At the end of the day what I believe every independent (indie) developer wants is financial security and the freedom to work on whatever interests him. I’m not sure Marco makes this same decision if he doesn’t have income coming in from other places.
Let me be clear that I have no insight into Instapaper’s revenues and Marco hasn’t talked about them specifically. Maybe the revenues, in the face of competition, has dwindled to the point where the revenues aren’t helping that much. But when it comes to indie developers, sole proprietorship in general, every extra dollar helps and diversity of income is critical. If The Magazine revenue drops then blog revenues are there to pick up the slack. Marco, on the surface, has four revenue streams that all related to each other: a blog, a podcast, The Magazine and Instapaper. All were geared around reading and listening. They all appealed to the same audience and thus could cross-sell those services. He has dropped one of those — or at least now has less of a stream from it — meaning at least in the short term his stool has three legs instead of four.
The financial security earned from a combination of revenue streams means almost everything to an indie dev. It is the backbone by which creative security is built. After all, if I need to make money to pay the bills then I am beholden to other people to earn that money, whether it is a job or contract work or something else. That financial security enables folks like Marco to do whatever he wants. There is nothing like knowing that you have less than three months in your personal bank account. It makes it nearly impossible to focus.
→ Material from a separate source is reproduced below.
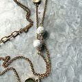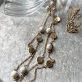 ホワイトマーブルストーンビーズがアクセントになった、ゴールドトーンダブルネックレス。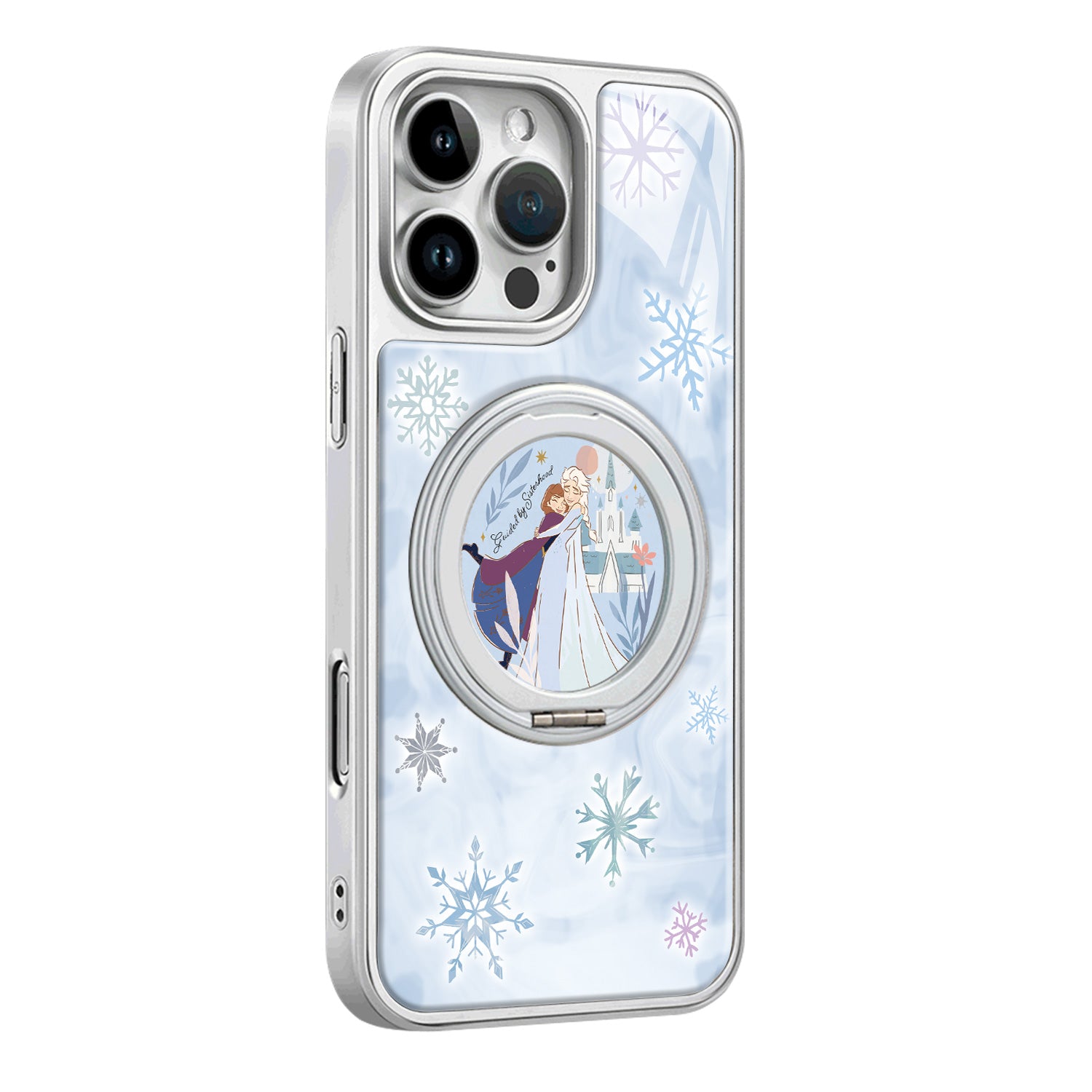 Disney disney tomchilatib yuboriladigan material yuqori sifatli uglerod tolali naqshli 360 ° aylanadigan stend qutisi olma/olma 16promax/15/14pro/max/iphone13/12/11 uchun muzlatilgan malika seriyali telefon qutisi

Marco talked, on various podcasts, about the stress and guilt of Instapaper. The stress of working on a product he no longer wanted to work on, the guilt of ignoring his customers, and feeling this way when he has had so much success. That, too, is palpable. I’ve spent plenty of days stressing over the code I can’t bring myself to touch. The motivations are done, whether it is because the app isn’t making you any money or because the code is old and break-prone or because heart and sole was already dumped into the project long ago and there is just nothing more to give. I think, give it a week, give myself a break. But a week passes and I’m still not ready to touch the code.
That’s when the spiral happens. The guilt over not touching it takes my brain to bad places which makes it even harder to focus on touching the code. Breaking that spiral is nearly impossible. And when coupled with the constant 24 hour a day worry over the servers going down, a worry that plays in the brain all night, a worry that keeps the head awake even when the body needs to sleep, well, there is no recovery from years of that. There are plenty of mornings I wake up at 6am after 8 hours in bed and feel like I just did an all-nighter. After four years, that gets really old.
The catch to all this is that there is a clear path forward for Instapaper, one that could potentially provide the security Marco, I believe, is looking for. More on that later. But maybe the stress and guilt had gotten to be too much. Maybe Marco just felt like it was time to do something different. That’s okay, too. I know I’ll be watching closely to see what it is.